5. Examine funding mechanisms of the following jurisdictions, but not limited to: Alberta, Ontario, Quebec, Washington State, Oregon, Alaska and California.

* The report must include a listing of the annual revenues generated by the indicated jurisdictions'
funding mechanism(s).
* The report will include an analysis of the following specific items as part of the review:

* US EPA Oil Spill Liability Trust Fund - five-cents per barrel fee on imported and domestic
oil.
* Canada's Ship-source Oil Pollution Fund (SOPF).
* California Office of Spill Prevention & Response (OSPR) current work in examining ways
to fund OSPR responses to inland spills.
* Alaska Prevention Account - used to fund Alaska's oil and hazardous substance prevention and response programs. Prevention Account was financed with a three cent per barrel surcharge and fines, settlements, penalties and interest thru March 31, 2006. Effective April 1, 2006, House Bill 3001C changed the surcharge tax of $.03 per barrel to $.04 per barrel imposed on all oil produced from each lease or property in the state.
* Oregon State's Senate Bill 105 - increase to fees for vessels. The higher fees are expected to provide approximately $750,000 for the oil spill program during the 2007-2009 biennium.
* Washington State's Report Providing Recommendations to the Governor, the Legislature and the DOE on State of the Art Oil Spill Prevention Program, Council Operations and Funding and Sustainable Funding for the Oil Spill Program
* Credit for Oil recovery compensation
* Oil Spill Advisory Council Funding (Oil Spill Prevention Account and the Oil Spill Response Account)

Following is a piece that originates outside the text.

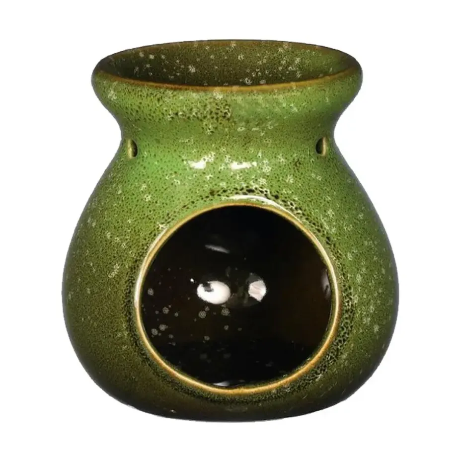 Geurbrander voor amberblokjes/geurolie. De brander is van keramiek in de kleur groen. Door onderin een waxinelichtje te plaatsen en in het schaaltje (een stukje van) het geurblokje of de geurolie, zal de geur zich heerlijk verspreiden door de ruimte. Eindeloos varieren met de heerlijkste geuren amberblokjes, waxmelts of geurolie. Formaat: D10 x H10 cm. Materiaal: keramiek.

Please Note: The successful bidder shall inform the contract co-ordinator of any additional jurisdictions (i.e. provinces, states, countries etc) during the course of this review whose funding mechanism(s) may be applicable to determine whether it should be included as part of this review.

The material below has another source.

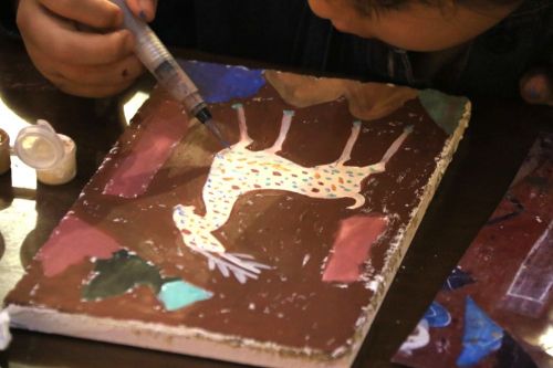 7月26日,小朋友在甘肃省敦煌书局研学课堂上学习绘制泥板画。新华社发(张晓亮摄)

6. Include a review of the funding mechanisms utilized for the hazardous materials / oil spill response cooperatives including, but not limited to:

* Western States Petroleum Association;
* Western Canadian Spill Services;
* Western Canada Marine Response Corporation (WCMRC - i.e. Burrard Clean), and;
* The Southeast Alaska Petroleum Resource Organization Incorporated.

7. Ensure the report analyses the advantages and disadvantages of collecting funds through various mechanisms such as:

* Fines
* Levies / Taxes
* Other

8. Consider funding options which may be a variation of those that are in use in other jurisdictions, a unique option, or a combination of options.

9. Evaluate and make recommendations as to whether or not existing provincial legislation is applicable for any of the recommended funding options, or whether new legislation would be required to invoke the
recommended funding options.

10. Provide an analysis of whether recommended funding options are sustainable.

11. Recommend funding options that are within the province's jurisdictional authority to enact.

12. Ensure the recommended funding options include the range of potential annual revenue which would be generated.

13. Provide an analysis of the administrative costs and human resource needs required to assess and collect the funds on an annual basis for each of the recommended options.